EXERCISE DESCRIPTION | Give the data again exactly as written, skipping any pictures.

**** DATASET CONTENT ****

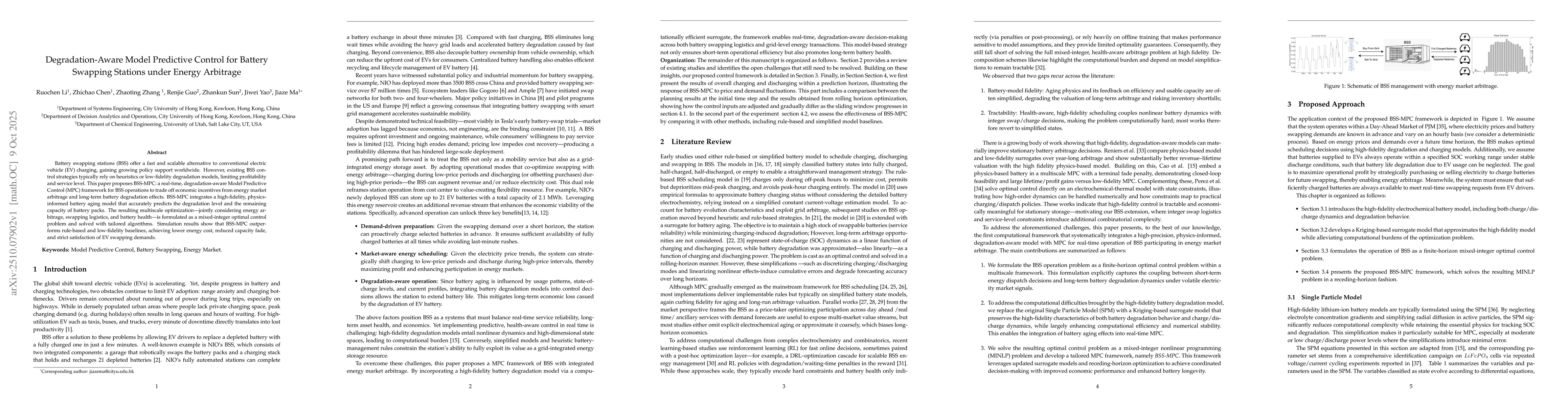 The research introduces BSS-MPC, a real-time model predictive control framework for battery swapping stations (BSS) that integrates a physics-informed capacity fade model. It uses a combination of differential equations and optimization techniques to balance short-term energy arbitrage with long-term battery degradation.
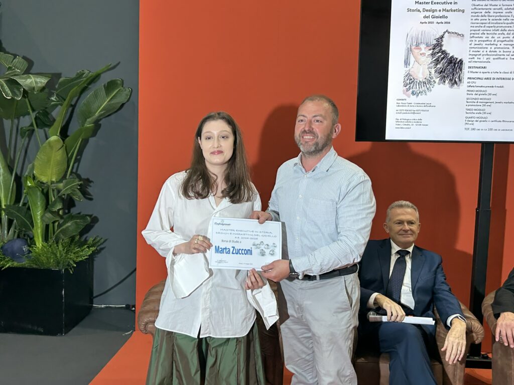 Consegnate nella giornata finale di OROAREZZO le borse di studio agli studenti del Master universitario in Storia, Design e Marketing del gioiello, organizzato nel campus universitario di Arezzo dal Dipartimento di Filologia e Critica delle Letterature antiche e moderne dell’Università di Siena.
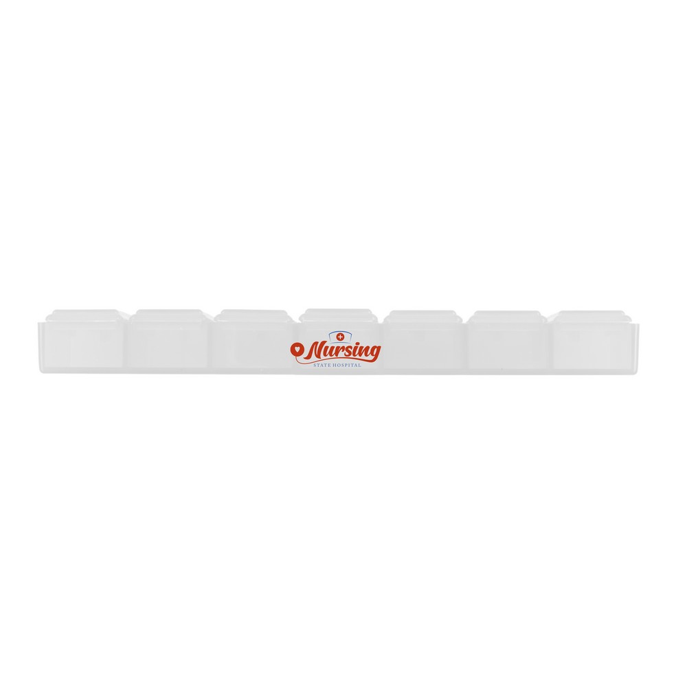 Die semi-transparente Pillendose mit 7 Fächern ist der perfekte Imageträger für Ihre Marke. Mit kompakten Maßen von nur 14,5 x 3,5 x 1,2 cm und einem Gewicht von lediglich 25 g vereint sie Funktionalität und ansprechendes Design. Jeder Beschenkte wird die praktische Aufbewahrung und Organisation von Vitaminen oder kleinen Gegenständen schätzen, was den Alltag erleichtert. Für Ihr Unternehmen bedeutet dies langfristige Sichtbarkeit: Ihr Logo wird täglich in Verwendung sein und bleibt so nachhaltig im Gedächtnis.
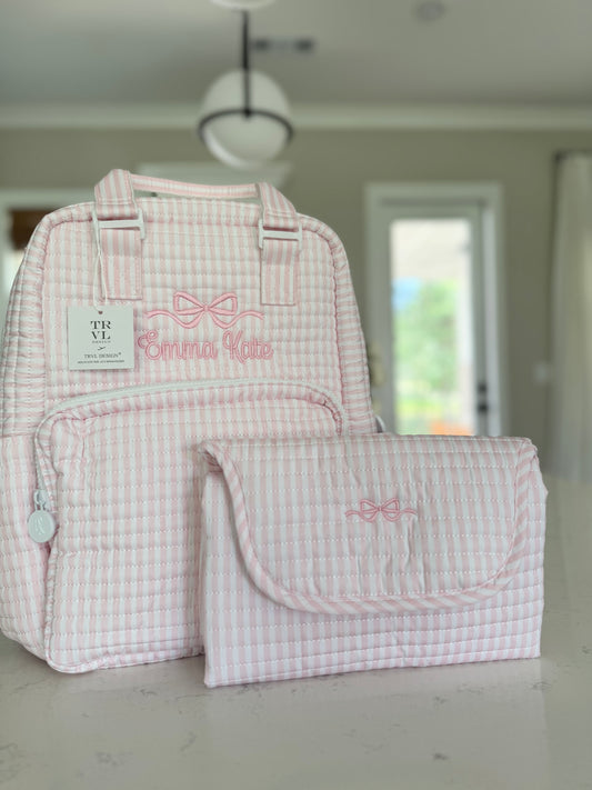 TRVL PINK PIMLICO STRIPE QUILTED DIAPER BAG, CHANGING PAD AND EVERYDAY BAG SET
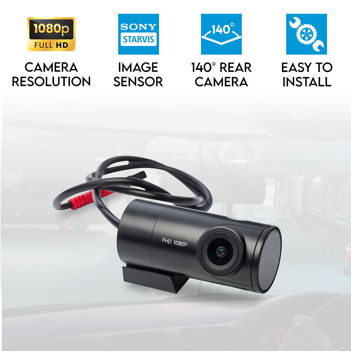 Introducing our rear camera with 1080P resolution, featuring a 1920x1080P display for a clear rear view and readable license plate capture. Equipped with a Sony Starvis sensor, it ensures clearer footage even in low-light conditions, enhancing nighttime clarity. With a 140° wide-angle lens, safer reversing, parking, and backing up are guaranteed. Easy to install with 3M adhesive pads, no drilling required. Compatible with DCMOB, DCREAR, or DCMAX Dash Cameras for seamless integration.
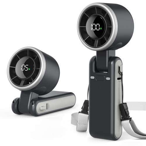 Bärbar handhållen minifläkt, vikbar kraftfull vindturbo-fläkt, 9 000 mAh batteri och 5 000 varv/min, USB-uppladdningsbar personlig fläkt med 5 hastigheter, digital display för kvinnor män resor

****

WORKED SOLUTION |
 The research introduces BSS-MPC, a real-time model predictive control framework for battery swapping stations (BSS) that integrates a physics-informed capacity fade model. It uses a combination of differential equations and optimization techniques to balance short-term energy arbitrage with long-term battery degradation.
 Consegnate nella giornata finale di OROAREZZO le borse di studio agli studenti del Master universitario in Storia, Design e Marketing del gioiello, organizzato nel campus universitario di Arezzo dal Dipartimento di Filologia e Critica delle Letterature antiche e moderne dell’Università di Siena.
 Die semi-transparente Pillendose mit 7 Fächern ist der perfekte Imageträger für Ihre Marke. Mit kompakten Maßen von nur 14,5 x 3,5 x 1,2 cm und einem Gewicht von lediglich 25 g vereint sie Funktionalität und ansprechendes Design. Jeder Beschenkte wird die praktische Aufbewahrung und Organisation von Vitaminen oder kleinen Gegenständen schätzen, was den Alltag erleichtert. Für Ihr Unternehmen bedeutet dies langfristige Sichtbarkeit: Ihr Logo wird täglich in Verwendung sein und bleibt so nachhaltig im Gedächtnis.
 TRVL PINK PIMLICO STRIPE QUILTED DIAPER BAG, CHANGING PAD AND EVERYDAY BAG SET
 Introducing our rear camera with 1080P resolution, featuring a 1920x1080P display for a clear rear view and readable license plate capture. Equipped with a Sony Starvis sensor, it ensures clearer footage even in low-light conditions, enhancing nighttime clarity. With a 140° wide-angle lens, safer reversing, parking, and backing up are guaranteed. Easy to install with 3M adhesive pads, no drilling required. Compatible with DCMOB, DCREAR, or DCMAX Dash Cameras for seamless integration.
 Bärbar handhållen minifläkt, vikbar kraftfull vindturbo-fläkt, 9 000 mAh batteri och 5 000 varv/min, USB-uppladdningsbar personlig fläkt med 5 hastigheter, digital display för kvinnor män resor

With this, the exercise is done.